Given data
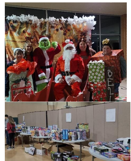
It's A Winter Wonderland!

Then with a glimmer of hope, he arrived with a donation of $2,191 for the Community Outreach Department to assist all families in need. Thank you and we look forward to our continued partnership in Education.
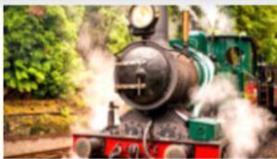
The West Coast Railway
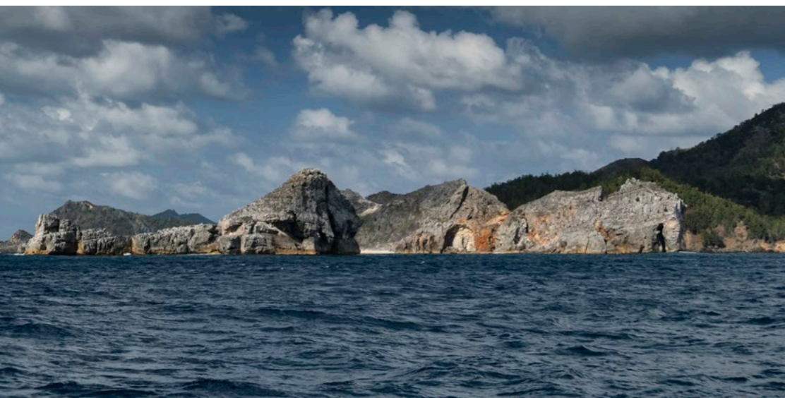
Futami Port (above) on the island of Chichijima (left); The Ogasawaru Maru departs (below)

departs from Takeshiba Pier, in the harbour area close to Tokyo Bay, which means one can use the excellent, if initially mind-boggling, Tokyo rail system to get between the two. Boarding the actual ferry, the Ogawasara Maru , is done with true Japanese courtesy and efficiency, but you quickly realise that foreigners are few and far between on this journey.
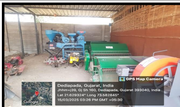
Custom Hiring Centre
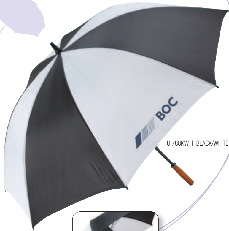
U 788KW | BLACK/WHITE
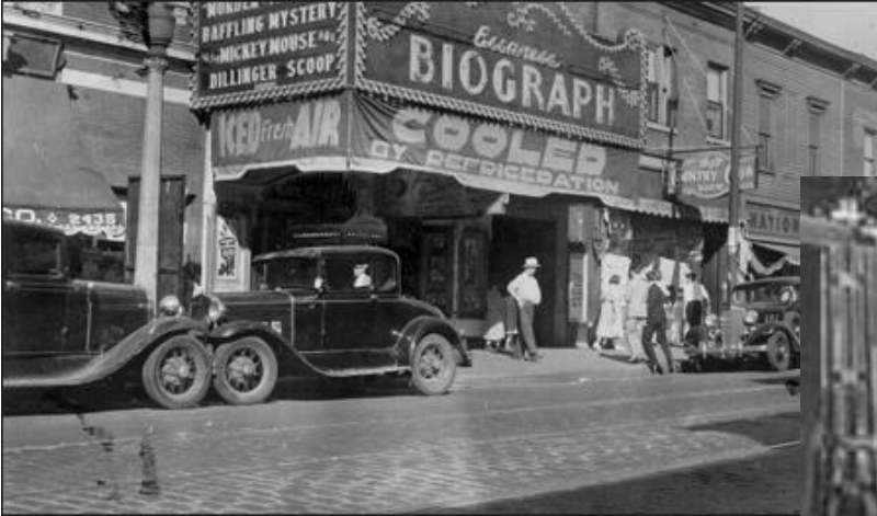
(Left) Biograph Theater, Chicago (1934)
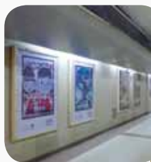
◀ Pedestrian Art Gallery, Legazpi & Sedeno Underpass
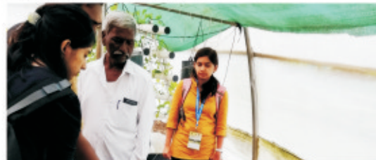
Anveshan Trainees visit to Hydroponic facility at Hi-Tech Horticulture Farm, Dharwad

Required action
Look through the data above and report every line in which "departs" appears.

Answer to this task
Futami Port (above) on the island of Chichijima (left); The Ogasawaru Maru departs (below)
departs from Takeshiba Pier, in the harbour area close to Tokyo Bay, which means one can use the excellent, if initially mind-boggling, Tokyo rail system to get between the two. Boarding the actual ferry, the Ogawasara Maru , is done with true Japanese courtesy and efficiency, but you quickly realise that foreigners are few and far between on this journey.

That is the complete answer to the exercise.